Наконец, как его можно читать с удовольствием, так его можно пропускать без стыда. Есть некоторые писатели, которых пропускать может показаться добросовестному преданному литературы одновременно злым и неразумным — злым, потому что это неуважительно к ним, неразумным, потому что это вполне может нанести ущерб читателю. Теперь никто никогда не может думать об уважении к Ли Ханту; он не часто любезен, но никогда в малейшей степени не почтенен. Даже в своей лучшей форме он редко или никогда не воздействует на читателя восхищением, только мягким удовольствием. Это одновременно наказание за его грехи и комплимент его хорошим качествам, что поднимать какой-либо шум вокруг него было бы абсурдно. Нет также никакого эгоистичного риска, подвергаясь ему, в литературном смысле, бесцеремонным образом. Его писательство всех видов доводит отрывочность до высоты и может быть начато с начала, или с конца, или с середины, и оставлено в любом месте, без малейшего риска серьезной потери. Он отличная компания на полчаса, иногда на гораздо дольше; но читатель редко думает очень много о том, что он сказал, когда интервью закончено, и никогда не испытывает никакого сильного голода или жажды его возобновления, хотя такое возобновление довольно приятно по-своему. Такой автор — удобное владение на полках: владение настолько удобное, что иногда румянец стыда может возникнуть при мысли, что с ним следует обращаться так кавалерски. Но это донкихотство. Самые лучшие вещи, которые он сделал, едва ли заслуживают более уважительного обращения, ибо они немногим больше, чем верное и довольно живое описание его собственных наслаждений; худшие вещи заслуживают обращения гораздо менее уважительного. И все же не будем оставлять его с резким ртом; ибо, как было сказано, он очень любил хорошую литературу других и написал немало того, что было хорошей литературой его собственной.
VIII ПИКОК
В 1875 году мистер Бентли оказал немалую услугу любителям английской литературы, перепечатав в компактной форме и хорошим шрифтом произведения Томаса Лава Пикока, до того времени разбросанные и в некоторых случаях нелегко доступные. Что касается издателя, большего нельзя было разумно требовать; нелегко сказать то же самое о редакторе, покойном сэре Генри Коуле. Его редакторские труды были действительно значительно облегчены помощью других рук. Лорд Хоутон внес критическое предисловие, которое имеет легкость, точность и охват всех его критических монографий. Мисс Эдит Николлс, внучка романиста, предоставила короткую биографию, написанную с большой простотой и отличным хорошим вкусом. Но что касается редактирования в собственном смысле — введения, комментария, иллюстрации, объяснения — в книге почти ничего нет.
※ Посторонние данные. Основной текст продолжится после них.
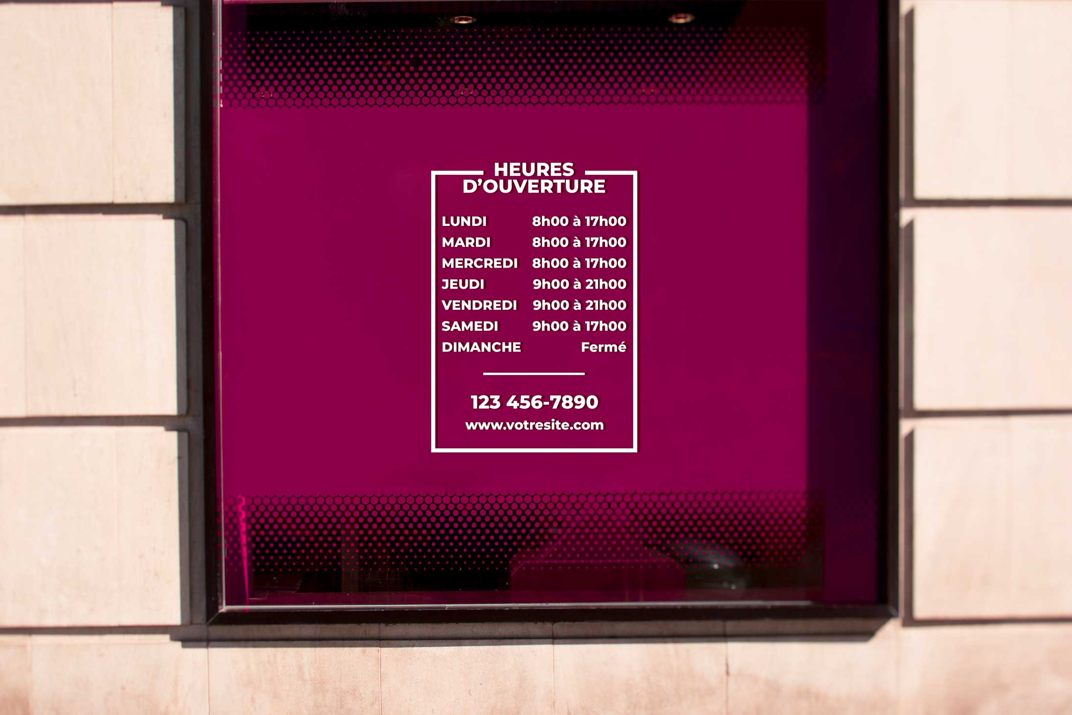 Ce sticker est entièrement personnalisable pour que vous puissiez y ajouter vos propres horaires. Facile à appliquer et à retirer sans laisser de résidu, il offre une solution idéale pour les magasins, les salons de coiffure, les restaurants, et autres commerces de proximité souhaitant afficher leurs horaires de manière claire et élégante.

Главное, однако, заключалось в том, чтобы сделать восхитительную работу Пикока удобно доступной, и это издание 1875 года осуществило. Автор до сих пор отнюдь не повсеместно или даже широко известен; хотя он был своего рода любимцем критиков. Почти единственный диссидент, насколько я знаю, среди критиков — миссис Олифант, которая не только призналась в своей книге по литературной истории времен Пикока в неспособности понять восхищение, выраженное некоторыми критиками «Хедлонг-холлом» и его собратьями, но даже, если я не ошибаюсь, несколько скептична относительно полной искренности этого восхищения. Нет необходимости спорить по этому поводу с этим приятным практиком собственного искусства Пикока. Определенный хорошо известный отрывок Теккерея о дамах и «Джонатане Уайлде» достаточно объяснит ее собственную неспособность попробовать персифляж Пикока. Что касается подлинности наслаждения тех, кто может попробовать его, нет способа, который я знаю, убедить скептиков. Со своей стороны, я могу только сказать, что, откладывая разрозненные чтения его работ в более ранние дни, я думаю, что читал романы от начала до конца в среднем раз в год с момента их совместного появления. Действительно, со Скоттом, Теккереем, Борроу и Кристофером Нортом Пикок составляет мой собственный частный Рай Изящных Устройств, в котором я хожу постоянно, когда мне нужен отдых и подкрепление. Это факт, не имеющий общественного значения, и упоминается только как своего рода оправдание для рекомендации его другим.